Midjourney has implemented one of the most anticipated features by users: maintaining consistency of characters in new images.
This has always been a major challenge for AI image generators, mainly due to their limitations.
This is mainly because most AI image generators are based on "diffusion models", tools that are similar to or inspired by Stable Diffusion, an open-source image generation algorithm developed by Stability AI. These tools mainly stitch together images pixel by pixel that match the description based on similar images and text labels learned from a training dataset of millions of human-created images.

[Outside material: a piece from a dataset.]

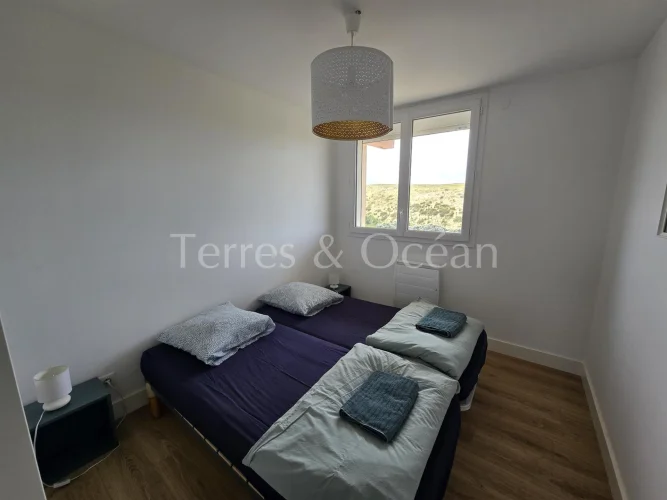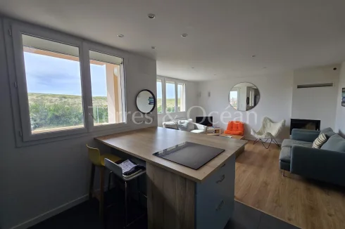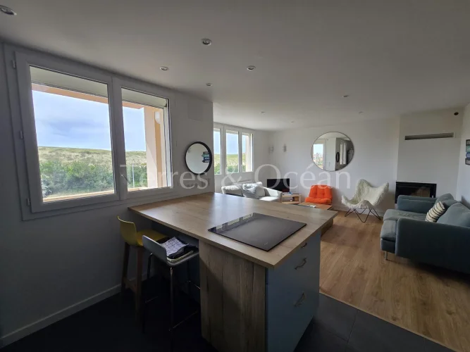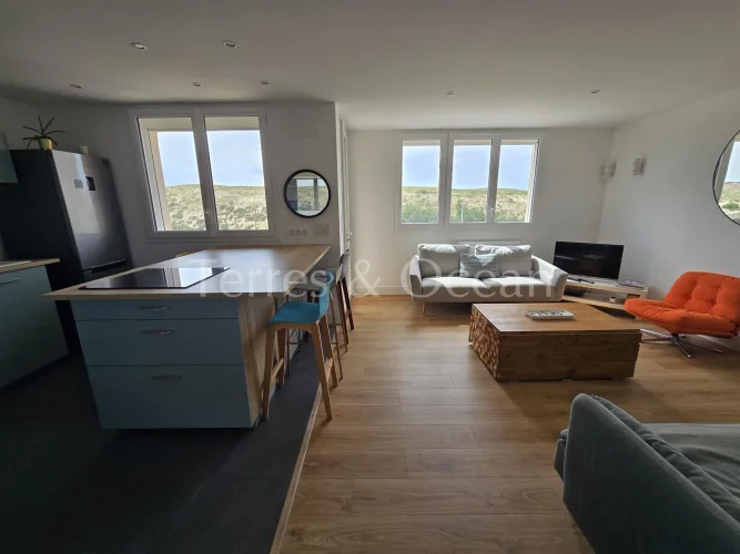 Facing the dunes in Hossegor, La Gravière, this 76 m2 two-bedroom apartment offers an exceptional living environment, right on the sand. Completely renovated in 2020 with high-quality fittings, it features a bright living room with an open-plan kitchen and a fireplace, opening onto a west-facing balcony. It also features a master suite with a dressing room, shower room, and private balcony, a bedroom, a second shower room, a separate toilet, and a pantry. A garage and bicycle storage room complete this rare property. A lifestyle all within walking distance, including the lake, ocean, town center, and amenities.

However, maintaining consistency of characters is important and difficult to achieve for generative AI images because all generative AI applications suffer from the problem of inconsistent responses: AI generates new content, in the case of Midjourney, images, based on each input prompt. So, how do you handle it if you are storyboarding for visual media such as movies, novels, comics, or manga, and you want the same character or characters to move and appear in different scenes, settings, facial expressions, and props?
This kind of scene that usually requires narrative coherence has always been a challenge for generative AI to overcome - at least until now. However, Midjourney is now attempting to address this issue by introducing a new tag called "--cref" (short for "character reference"), which users can add to the end of text prompts in Midjourney's Discord server and try to match the facial features, body shape, and even clothing of characters from the URL pasted by the user after this tag.

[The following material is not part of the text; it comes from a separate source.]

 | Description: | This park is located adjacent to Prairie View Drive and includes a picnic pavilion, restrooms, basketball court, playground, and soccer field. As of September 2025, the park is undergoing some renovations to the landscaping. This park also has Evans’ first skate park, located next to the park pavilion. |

With the continuous improvement of this feature, Midjourney may transform from an interesting creative tool into a more professional application.
How to use Midjourney's new character consistency feature
This tag is best used in conjunction with previously generated Midjourney images. So, for example, the user's workflow would be to first generate or retrieve the URL of a previously generated character image.
Let's start from scratch, assuming we generate a new character with this prompt: "A muscular bald man wearing a beaded eye mask."
We will enlarge our favorite image and then click on it in Midjourney's Discord server to find the "Copy Link" option.
Then, we can enter the new prompt "standing in a villa wearing a white tuxedo --cref [URL]" and paste the URL of the image we just generated. Midjourney will attempt to generate the previous character in the new scene we input.
You will see that although the result is not identical to the original character (or even our original prompt), it is indeed encouraging.
In addition, users can also control the extent to which the new image faithfully reproduces the original character by adding the "--cw" tag at the end of the new prompt (after the string "--cref [URL]") followed by a number between 1 and 100 (e.g., "--cref [URL] --cw 100"). The lower the "cw" number, the greater the variation in the generated image; the higher the "cw" number, the closer the generated new image is to the original reference image.
In our example, you can see that inputting a very low "cw 8" actually returns the desired result: a white tuxedo. Although it has now removed the iconic eye mask of our character.
Well, there's nothing the "vary region" feature can't solve, right?
Well, so the eye mask is on the wrong eye... but we're getting closer!
You can also merge multiple characters into one by inputting two "--cref" tags side by side and entering their respective URLs.
This feature has just been launched recently, but artists and creators are already testing it. If you have Midjourney, why not give it a try yourself.
Although Midjourney V6 is still in the alpha stage, this feature and other features may change suddenly, but the official beta version of V6 is coming soon.